Ao mesmo tempo, se os ocidentais forem capazes de procurar soluções para os problemas multilaterais e tentarem atrair a China e a Rússia para essas soluções, vamos ver que, por vezes, vai ser mais fácil atrair a China e por outras atrair a Rússia. Portanto, acho que não temos interesse em definir os dois como adversários, pois significa lançá-los nos braços um do outro.

Os aliados comprometeram-se a financiar o Aeroporto Internacional de Cabul, no Afeganistão, e a Turquia ofereceu-se para manter um contingente para garantir a segurança. Esta é a melhor solução ?

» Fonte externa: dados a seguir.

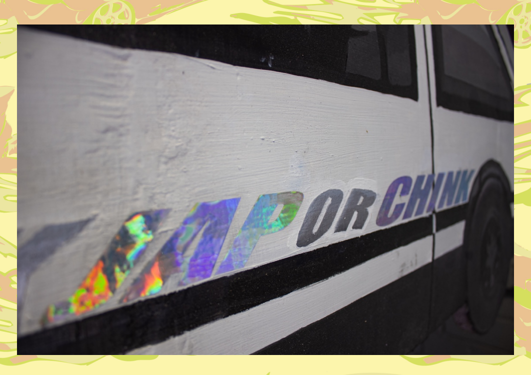
ACCELERATIONIST. Will Zeng. 21in x 62.5in, 21in x 62.5in. Oil and holographic vinyl on foam. 2022.

The graphic quality of the paintings and their stylized form juxtapose painful collective experience with the iridescent material, rendering the text both less visible and overexposed. The seductive surface carries a wink and a nod as if to say instead of the much less funny CHINK. The disconnect between two ways of presenting the same word offers the possibility of a reparative usage<sup>7</sup> that not only evokes the absurdity of how race functions in the West but point to an intraracial worldmaking based on support and solidarity.
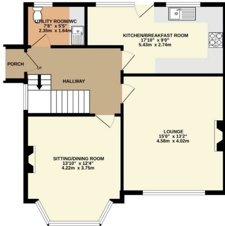
GROUND FLOOR 653 sq.ft. (60.7 sq.m.) approx.
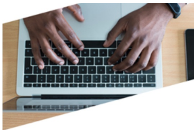
Livre blanc des initiatives

In 2020, three major activities of Femme & Internet program have been carried out. The last one was a webinar with more than 50 women and 07 panelists that took place online on Saturday 19 September 2020. The main objective of the program is to increase women Leadership in the Internet ecosystem.
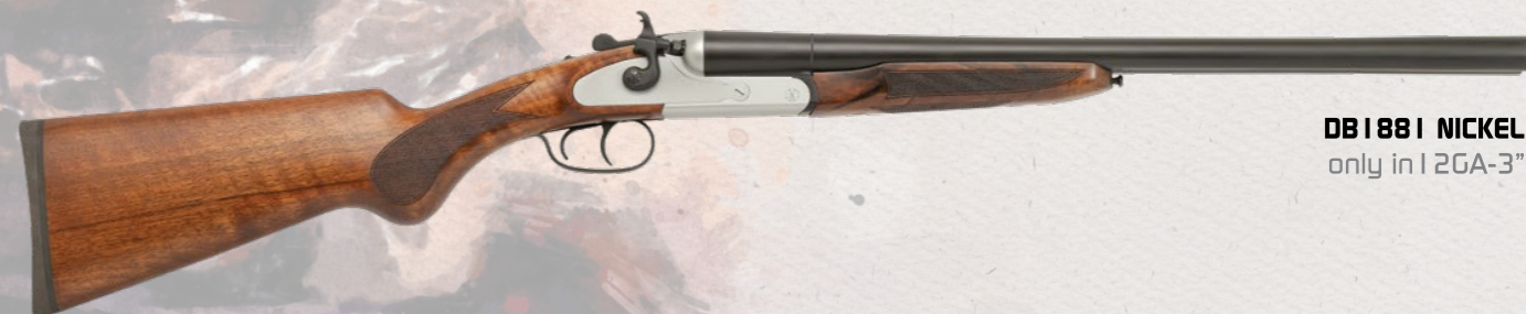
DB1881 NICKEL only in 12GA-3"

Classic Exposed Hammer Coach Gun: Your Trusted Companion for Home Defense and Cowboy Action.
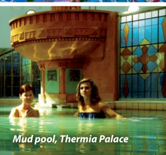
Mud pool, Thermia Palace
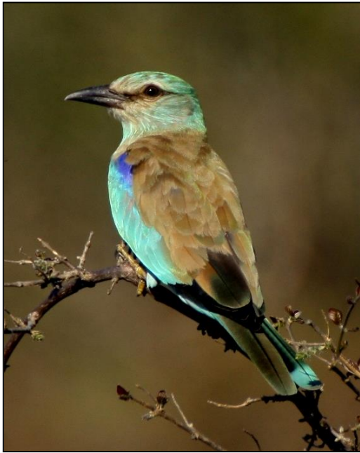
European Roller by Gareth Robbins

drive back along the Zaagkuilsdrift Road and we also managed to see Red-billed Firefinches, Green-winged Pytilias and a Pearl-spotted Owlet. We managed to see well over 100 species of birds which was a great start to the tour. Thankfully the weather was on our side and it was much cooler than usual which helped with some very good birding throughout the day.
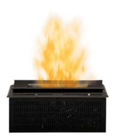
DFI400C | 120V plug-in cassette DFI400CH | 120V plug-in cassette with receptacle for optional heater 16" \times 8 ^{1} /8" \times 8 ^{5} /8" (WxHxD) 40.6 cm \times 20.6 cm \times 21.9 cm
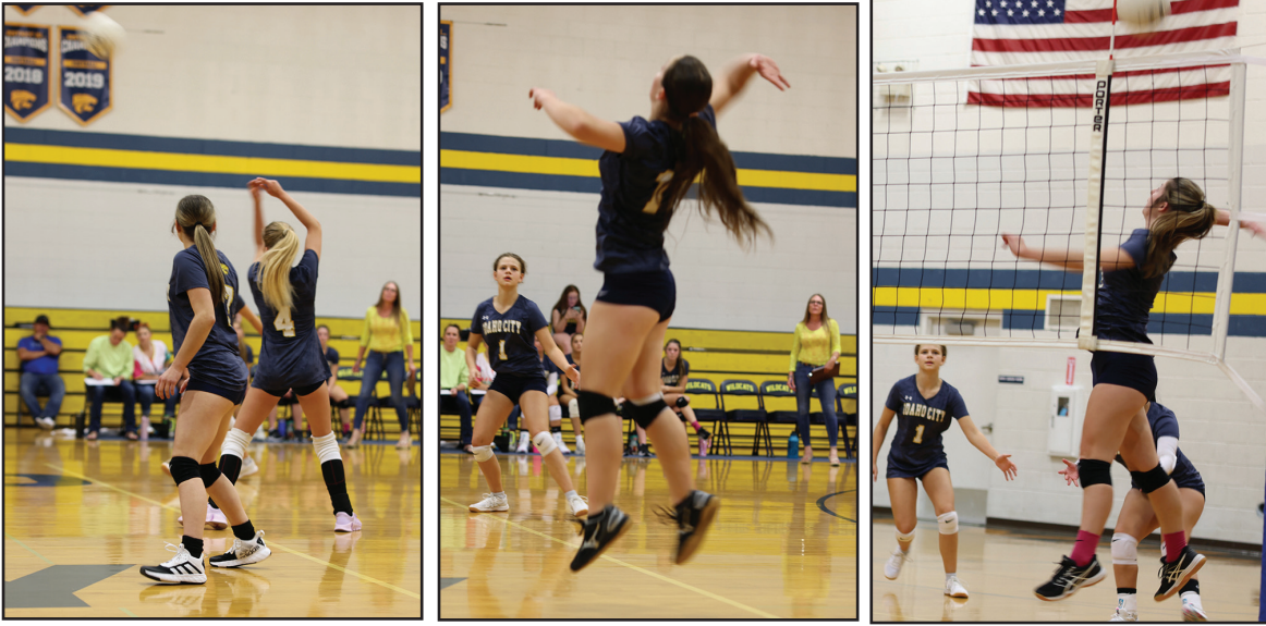
ICHS lost against Liberty Charter on Tuesday, Sept. 24, but played tough.
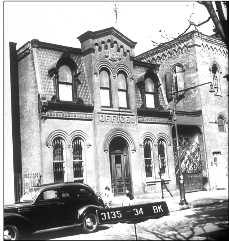
William Ulmer Brewery Office Building Photo: New York City Department of Taxes Photograph, c. 1939 Source: NYC, Department of Records and Information Service, Municipal Archives
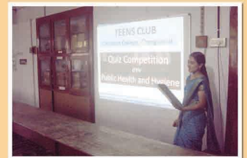
Quiz competition organised by Teenz Club.
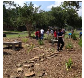
Hillcroft Rain Garden project
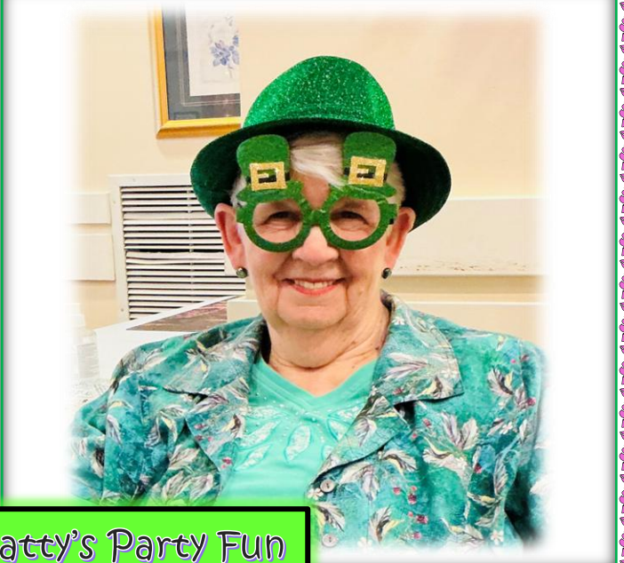
More Saint Patty's Party Fun
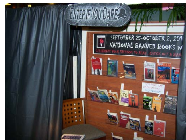
Banned Books display at Spanish Springs Library. The library kept the display up for the entire month of September.
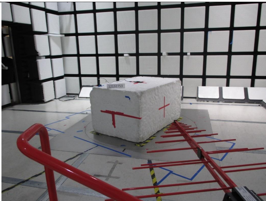
RADIATED FRONT PHOTO (BELOW 30 MHz)
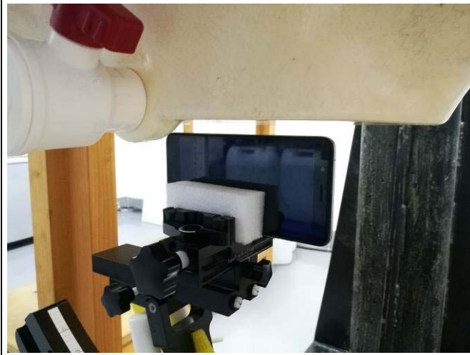
Left Edge of EUT with 1.0 cm Gap
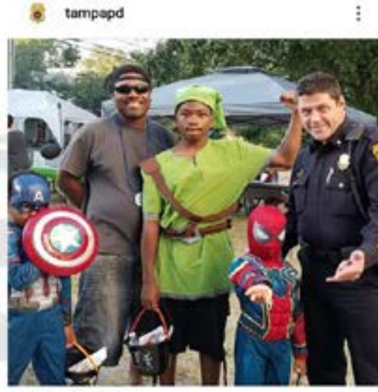
tampapd 217 likes tampapd Still floating on sugar vibes from all the fun we had handing out candy and keeping kids safe on Halloween #FridayFeeling #Mood #CommunityPolicing
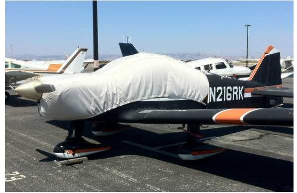
Robin Canopy/Engine Cover
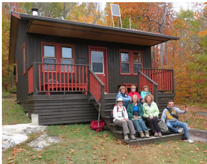
Oct. 2014 – Hike to Lusk Lake

O Afeganistão é uma história triste que não se vai resolver com essas soluções. Se 20 anos de presença americana, de milhares de milhões de dólares investidos no Afeganistão, de presença militar significativa da NATO, não resolveram o problema do país. Agora, quando as tropas acabarem por sair, vamos ver uma fuga daqueles que trabalharam com os diplomatas ocidentais, que ajudaram o esforço de guerra ocidental.

Vamos ver os talibãs a ganharem, de novo, muita força e se calhar ganharem o poder. Portanto, não é protegendo o aeroporto de Cabul, que é importante, que se revolve o problema do Afeganistão que não se resolveu. Aí volta a questão da necessidade da cooperação com as potências regionais, Paquistão, China, Índia, que se vão confrontar com a questão do Afeganistão, quando o ocidente o abandonar completamente, como o está fazer. Não será um contingente militar turco, protegendo o aeroporto que vai resolver o problema do Afeganistão.